INPUT MATERIAL section start
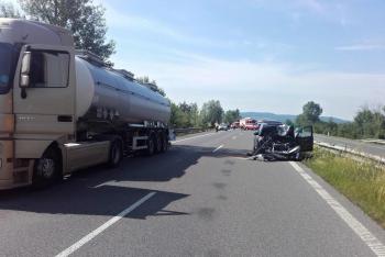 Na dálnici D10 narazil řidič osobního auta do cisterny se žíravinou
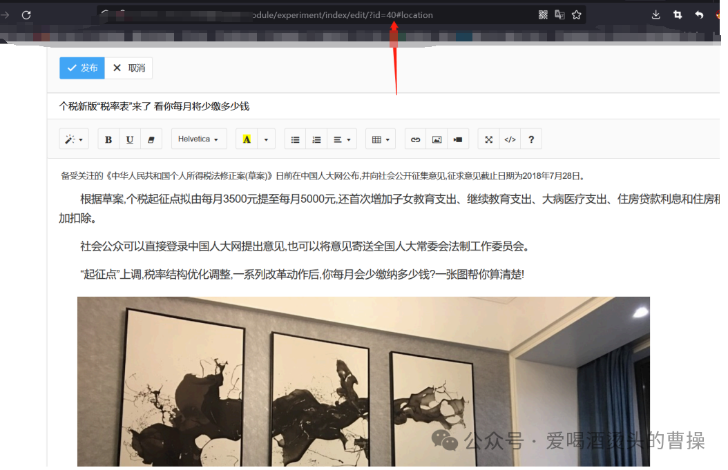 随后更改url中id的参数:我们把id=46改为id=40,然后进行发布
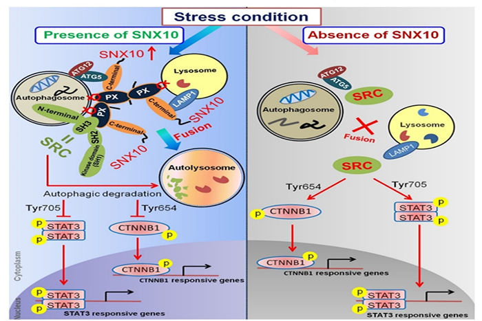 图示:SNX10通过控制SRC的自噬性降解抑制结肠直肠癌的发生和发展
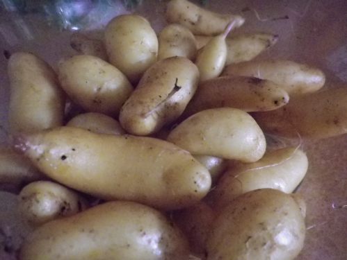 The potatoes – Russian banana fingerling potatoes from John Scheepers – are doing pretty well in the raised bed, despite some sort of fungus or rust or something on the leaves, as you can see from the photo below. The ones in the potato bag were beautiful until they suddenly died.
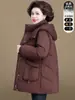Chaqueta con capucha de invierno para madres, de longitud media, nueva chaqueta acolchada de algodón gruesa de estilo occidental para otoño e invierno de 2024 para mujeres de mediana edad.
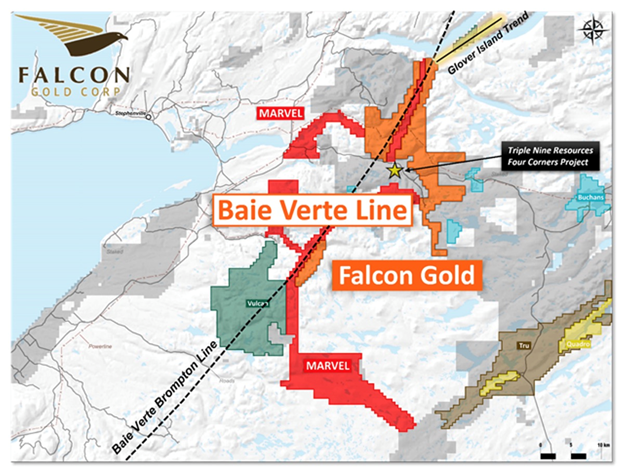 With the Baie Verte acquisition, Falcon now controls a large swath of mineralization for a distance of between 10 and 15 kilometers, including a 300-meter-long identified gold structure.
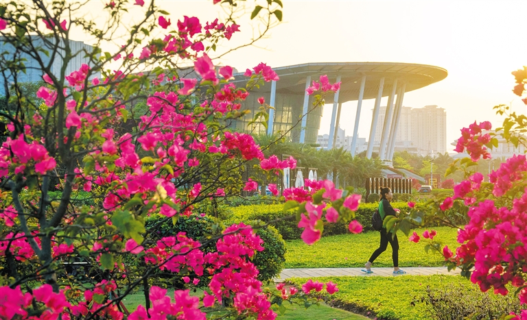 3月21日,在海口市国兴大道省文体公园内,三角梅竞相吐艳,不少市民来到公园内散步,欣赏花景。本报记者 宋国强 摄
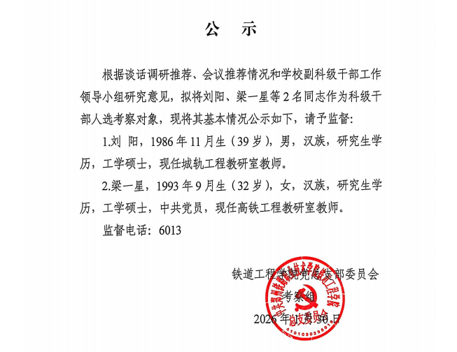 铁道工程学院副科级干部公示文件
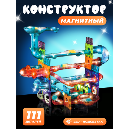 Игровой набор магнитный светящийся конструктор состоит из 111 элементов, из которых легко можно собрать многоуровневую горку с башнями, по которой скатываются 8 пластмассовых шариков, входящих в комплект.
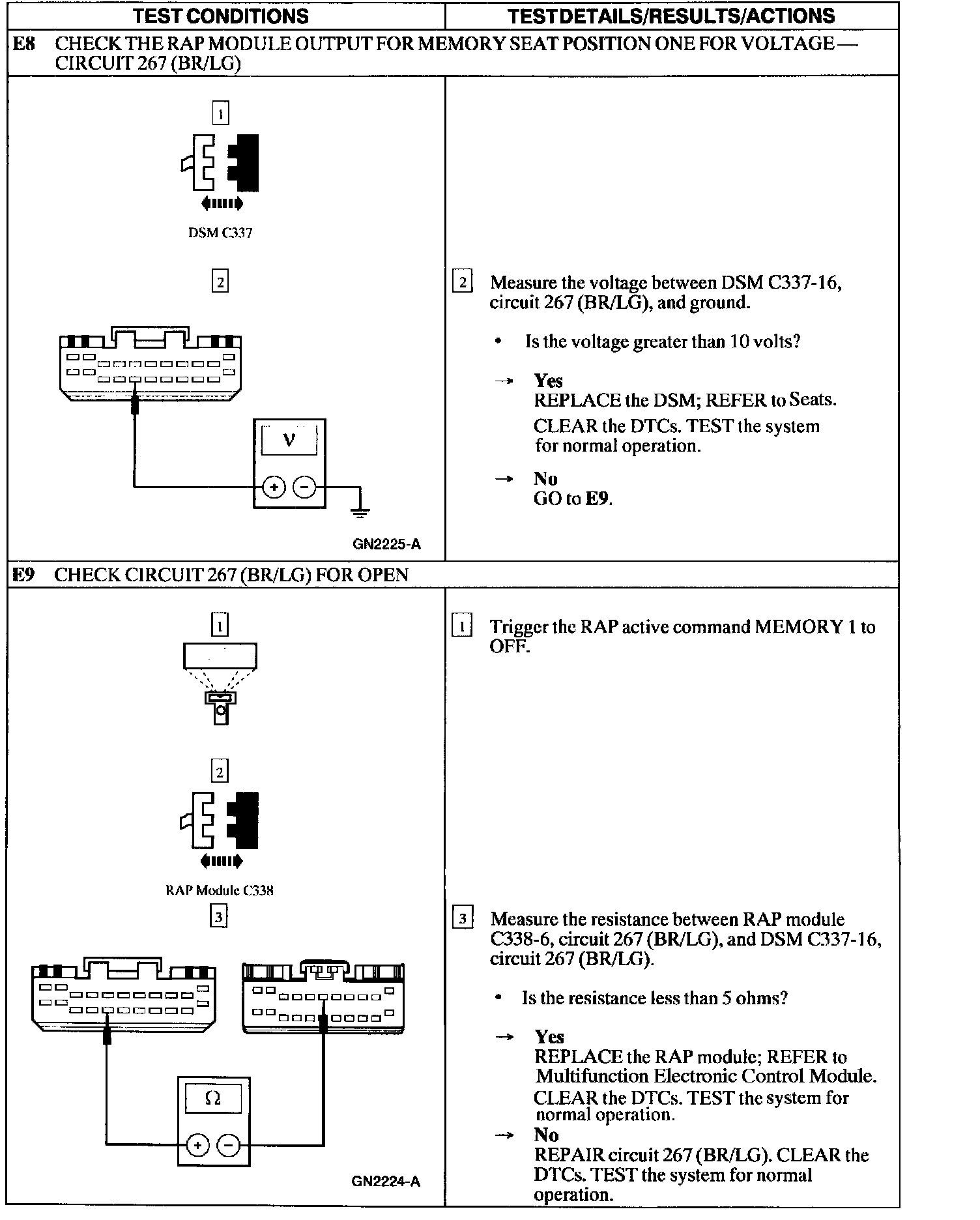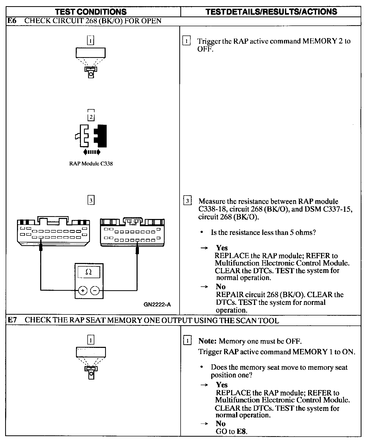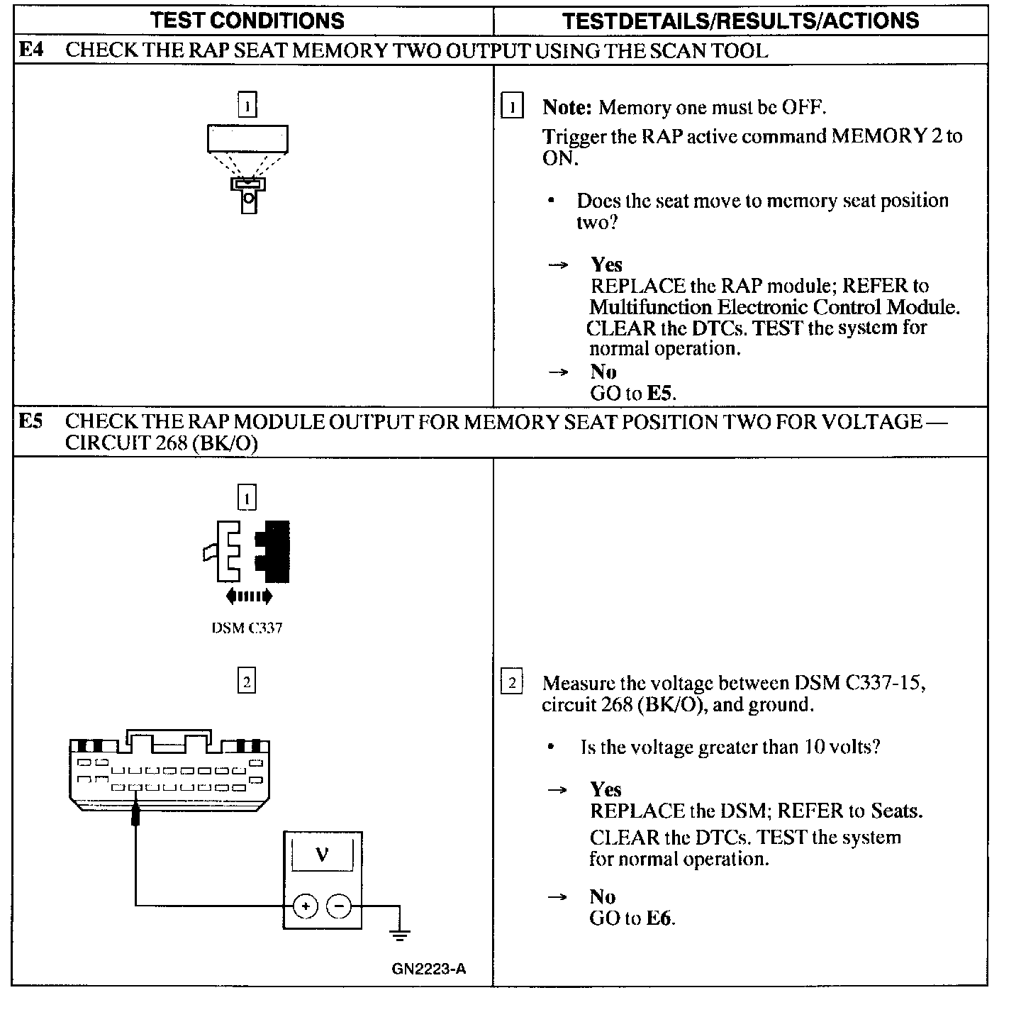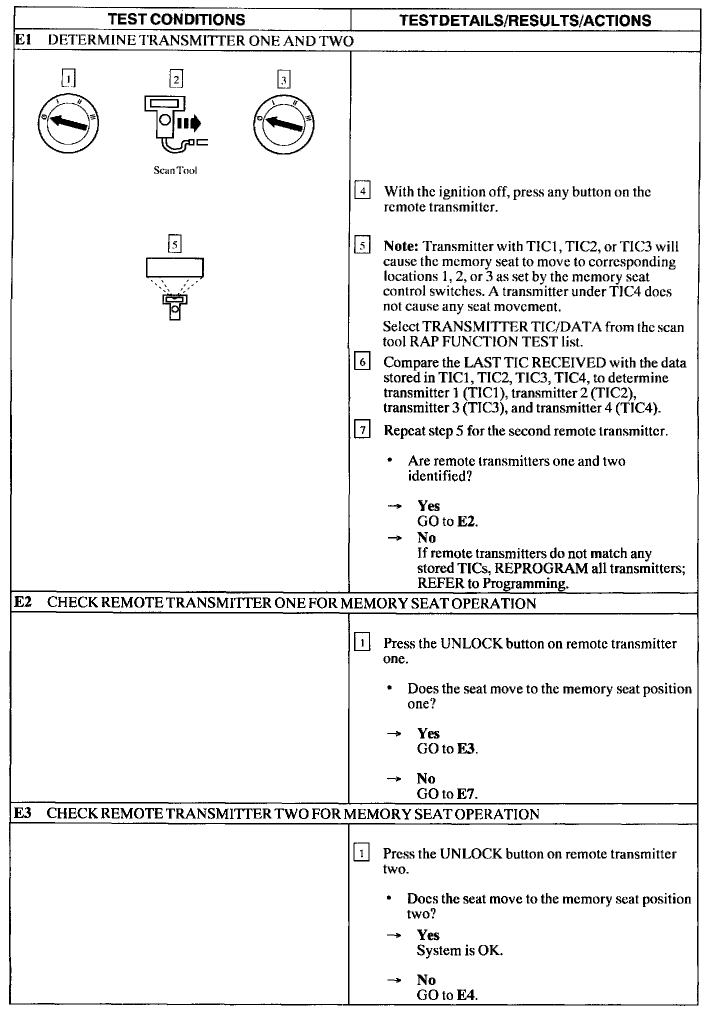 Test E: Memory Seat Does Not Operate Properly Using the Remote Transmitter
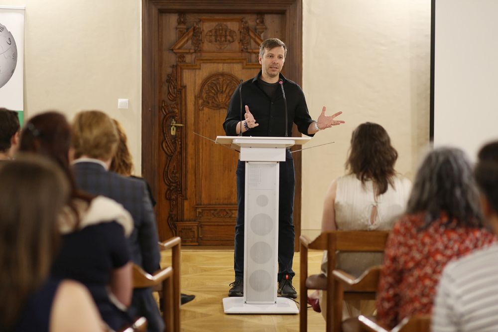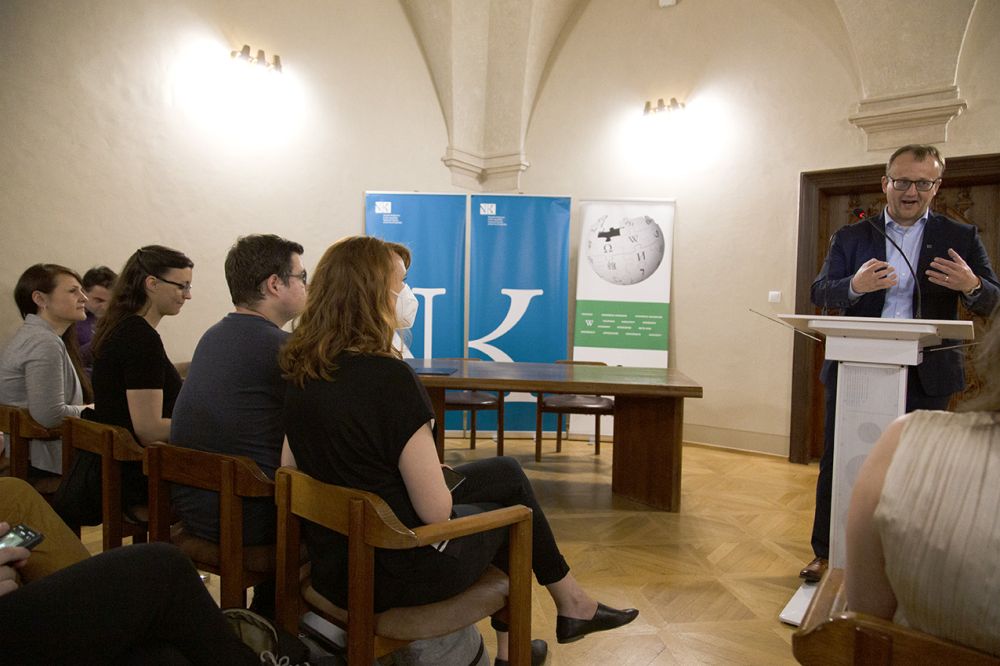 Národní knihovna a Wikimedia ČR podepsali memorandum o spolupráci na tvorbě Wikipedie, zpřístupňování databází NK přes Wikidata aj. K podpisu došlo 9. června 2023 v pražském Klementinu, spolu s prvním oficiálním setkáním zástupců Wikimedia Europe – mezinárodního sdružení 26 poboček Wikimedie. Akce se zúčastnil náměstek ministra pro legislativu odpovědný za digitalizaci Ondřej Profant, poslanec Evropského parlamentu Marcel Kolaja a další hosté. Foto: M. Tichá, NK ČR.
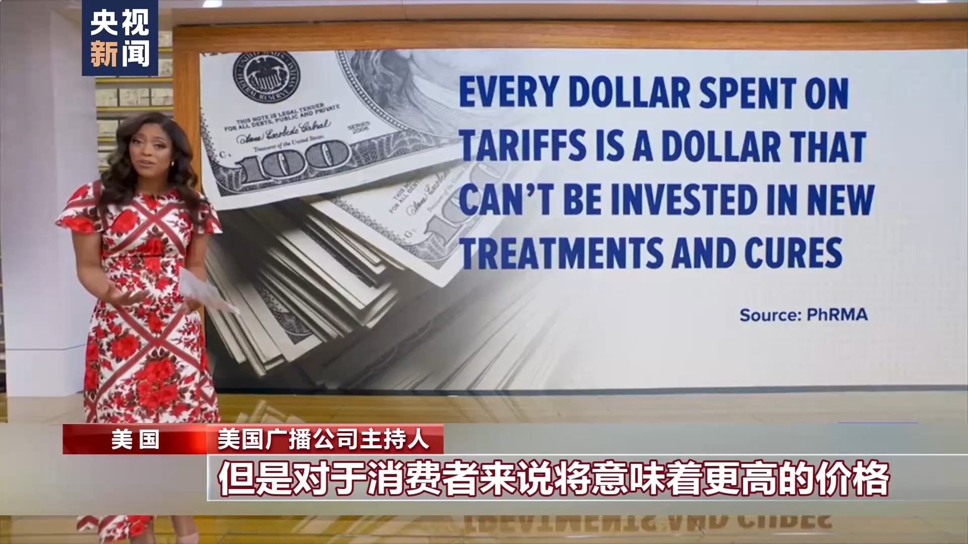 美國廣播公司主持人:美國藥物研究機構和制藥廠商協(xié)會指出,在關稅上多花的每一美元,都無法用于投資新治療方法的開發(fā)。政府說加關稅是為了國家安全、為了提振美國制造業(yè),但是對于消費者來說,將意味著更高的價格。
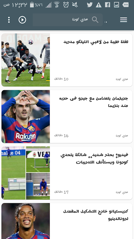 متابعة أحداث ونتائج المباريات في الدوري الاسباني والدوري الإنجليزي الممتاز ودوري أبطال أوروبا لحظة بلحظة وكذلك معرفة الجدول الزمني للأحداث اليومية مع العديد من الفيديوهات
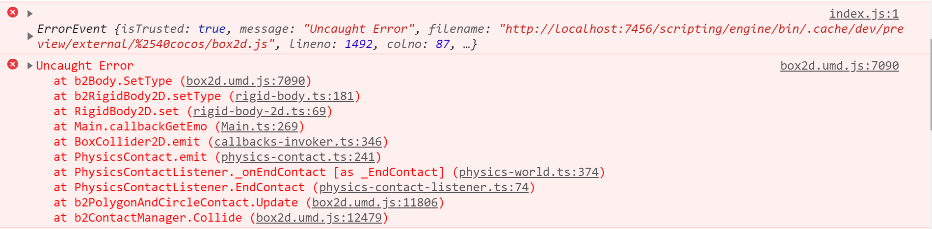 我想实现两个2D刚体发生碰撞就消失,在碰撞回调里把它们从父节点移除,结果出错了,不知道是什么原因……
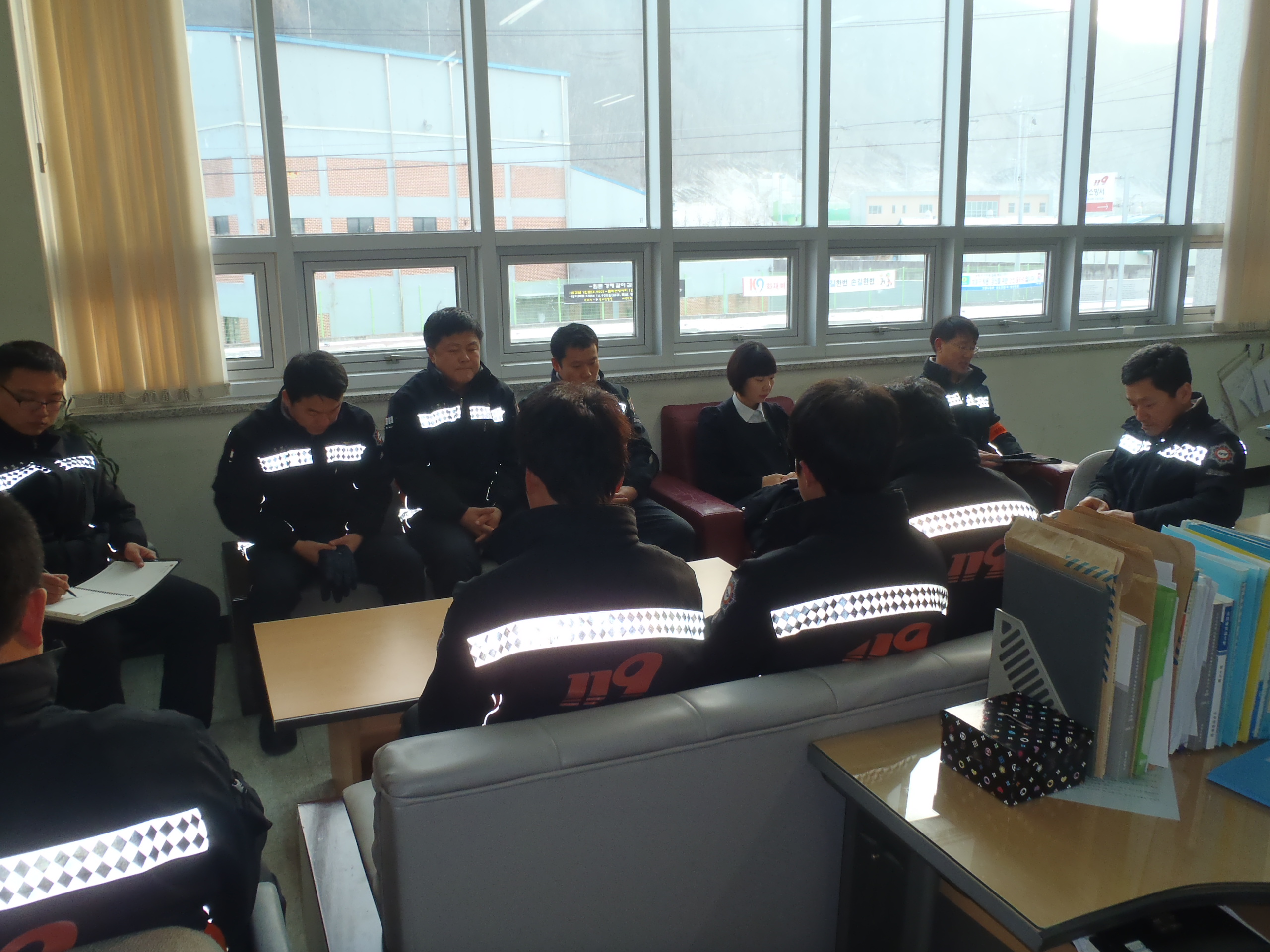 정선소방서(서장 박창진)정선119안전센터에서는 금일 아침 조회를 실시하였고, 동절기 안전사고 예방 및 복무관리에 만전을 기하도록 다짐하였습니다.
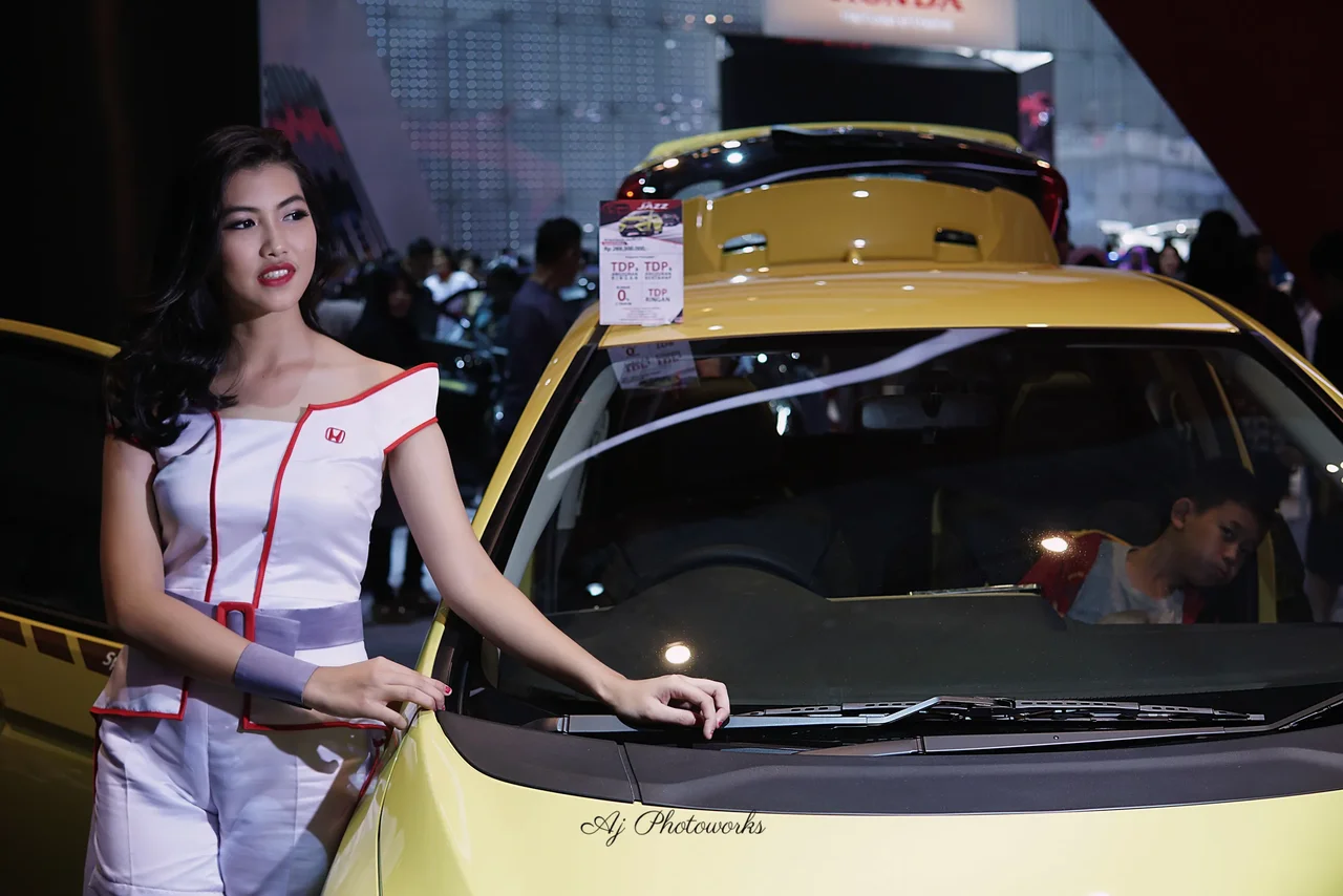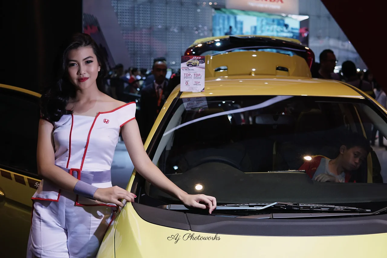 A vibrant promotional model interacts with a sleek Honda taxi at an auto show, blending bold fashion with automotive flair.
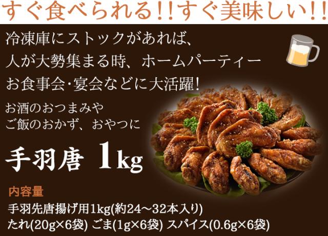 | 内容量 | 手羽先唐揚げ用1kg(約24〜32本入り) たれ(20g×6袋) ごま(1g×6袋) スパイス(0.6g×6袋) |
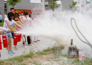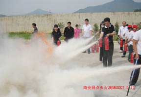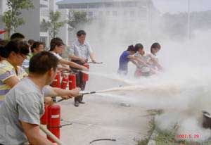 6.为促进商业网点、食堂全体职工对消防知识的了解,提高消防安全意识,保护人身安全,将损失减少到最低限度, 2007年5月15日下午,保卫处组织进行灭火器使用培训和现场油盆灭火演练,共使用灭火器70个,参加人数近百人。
INPUT MATERIAL section end
PROBLEM TO SOLVE »
Keeping every word as it is, write out all the data and omit the pictures.

TASK RESPONSE »
 Na dálnici D10 narazil řidič osobního auta do cisterny se žíravinou
 随后更改url中id的参数:我们把id=46改为id=40,然后进行发布
 图示:SNX10通过控制SRC的自噬性降解抑制结肠直肠癌的发生和发展
 The potatoes – Russian banana fingerling potatoes from John Scheepers – are doing pretty well in the raised bed, despite some sort of fungus or rust or something on the leaves, as you can see from the photo below. The ones in the potato bag were beautiful until they suddenly died.
Chaqueta con capucha de invierno para madres, de longitud media, nueva chaqueta acolchada de algodón gruesa de estilo occidental para otoño e invierno de 2024 para mujeres de mediana edad.
 With the Baie Verte acquisition, Falcon now controls a large swath of mineralization for a distance of between 10 and 15 kilometers, including a 300-meter-long identified gold structure.
 3月21日,在海口市国兴大道省文体公园内,三角梅竞相吐艳,不少市民来到公园内散步,欣赏花景。本报记者 宋国强 摄
 铁道工程学院副科级干部公示文件
 Игровой набор магнитный светящийся конструктор состоит из 111 элементов, из которых легко можно собрать многоуровневую горку с башнями, по которой скатываются 8 пластмассовых шариков, входящих в комплект.
 Test E: Memory Seat Does Not Operate Properly Using the Remote Transmitter
 Národní knihovna a Wikimedia ČR podepsali memorandum o spolupráci na tvorbě Wikipedie, zpřístupňování databází NK přes Wikidata aj. K podpisu došlo 9. června 2023 v pražském Klementinu, spolu s prvním oficiálním setkáním zástupců Wikimedia Europe – mezinárodního sdružení 26 poboček Wikimedie. Akce se zúčastnil náměstek ministra pro legislativu odpovědný za digitalizaci Ondřej Profant, poslanec Evropského parlamentu Marcel Kolaja a další hosté. Foto: M. Tichá, NK ČR.
 美國廣播公司主持人:美國藥物研究機構和制藥廠商協(xié)會指出,在關稅上多花的每一美元,都無法用于投資新治療方法的開發(fā)。政府說加關稅是為了國家安全、為了提振美國制造業(yè),但是對于消費者來說,將意味著更高的價格。
 متابعة أحداث ونتائج المباريات في الدوري الاسباني والدوري الإنجليزي الممتاز ودوري أبطال أوروبا لحظة بلحظة وكذلك معرفة الجدول الزمني للأحداث اليومية مع العديد من الفيديوهات
 我想实现两个2D刚体发生碰撞就消失,在碰撞回调里把它们从父节点移除,结果出错了,不知道是什么原因……
 정선소방서(서장 박창진)정선119안전센터에서는 금일 아침 조회를 실시하였고, 동절기 안전사고 예방 및 복무관리에 만전을 기하도록 다짐하였습니다.
 A vibrant promotional model interacts with a sleek Honda taxi at an auto show, blending bold fashion with automotive flair.
 | 内容量 | 手羽先唐揚げ用1kg(約24〜32本入り) たれ(20g×6袋) ごま(1g×6袋) スパイス(0.6g×6袋) |
 6.为促进商业网点、食堂全体职工对消防知识的了解,提高消防安全意识,保护人身安全,将损失减少到最低限度, 2007年5月15日下午,保卫处组织进行灭火器使用培训和现场油盆灭火演练,共使用灭火器70个,参加人数近百人。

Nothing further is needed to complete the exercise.